Having served enough time in Atlanta with her volunteer work, Mother has moved to the Georgia coast, to a hamlet of hoary little brick houses on Sanderling Island. But she carried the sunken treasure along to her little place by the shore. She stays outdoors a lot, I think to escape it. When I go to visit I always find her out in her walled garden with her hands sunk into the mulch, kneading the roots of her camellias. If she isn’t home, I walk down to the end of the historic cobbled street and find her standing on the sea wall in her raincoat and no shoes, glaring at the ocean. Orleanna and Africa at a standoff. The kids flying by on bicycles steer clear of this barefoot old woman in her plastic babushka, but I can tell you she is not deranged. My mother’s sanest position is to wear only the necessary parts of the outfit and leave off the rest. Shoes would interfere with her conversation, for she constantly addresses the ground under her feet. Asking forgiveness. Owning, disowning, recanting, recharting a hateful course of events to make sense of her complicity. We all are, I suppose. Trying to invent our version of the story. All human odes are essentially one. “My life: what I stole from history, and how I live with it.”

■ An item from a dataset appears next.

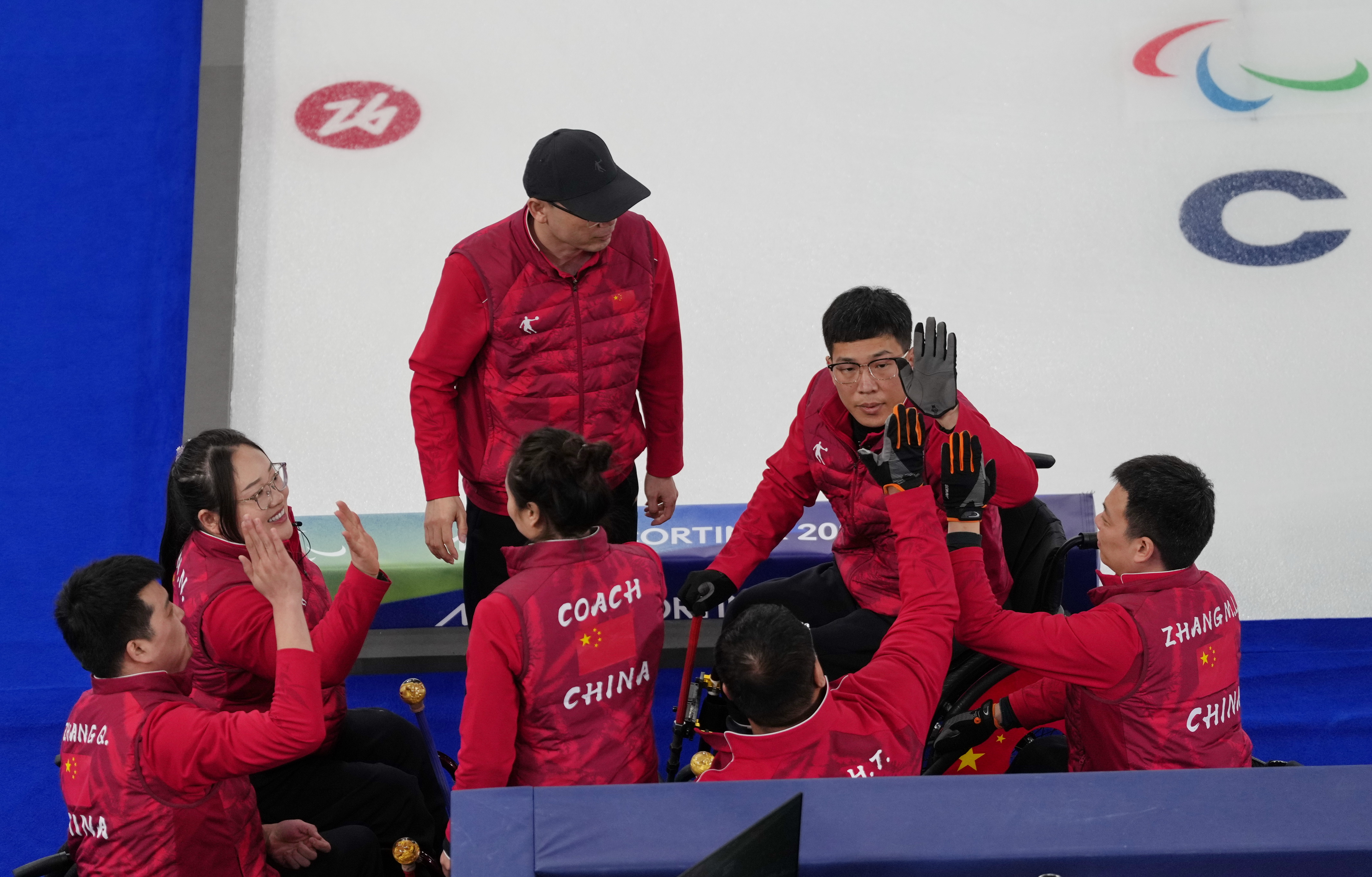 3月14日,中国队选手和教练员在比赛间隙击掌鼓劲。新华社记者 牟宇 摄

Personally I have stolen an arm and a leg. I am still Adah but you would hardly know me now, without my slant. I walk without any noticeable limp. Oddly enough, it has taken me years to accept my new position. I find I no longer have Ada, the mystery of coming and going. Along with my split-body drag I lost my ability to read in the old way. When I open a book, the words sort themselves into narrow-minded single file on the page; the mirror-image poems erase themselves half-formed in my mind. I miss those poems. Sometimes at night, in secret, I still limp purposefully around my apartment, like Mr. Hyde, trying to recover my old ways of seeing and thinking. Like Jekyll I crave that particular darkness curled up within me. Sometimes it almost comes. The books on the shelf rise up in solid lines of singing color, the world drops out, and its hidden shapes snap forward to meet my eyes. But it never lasts. By morning light, the books are all hunched together again with their spines turned out, fossilized, inanimate.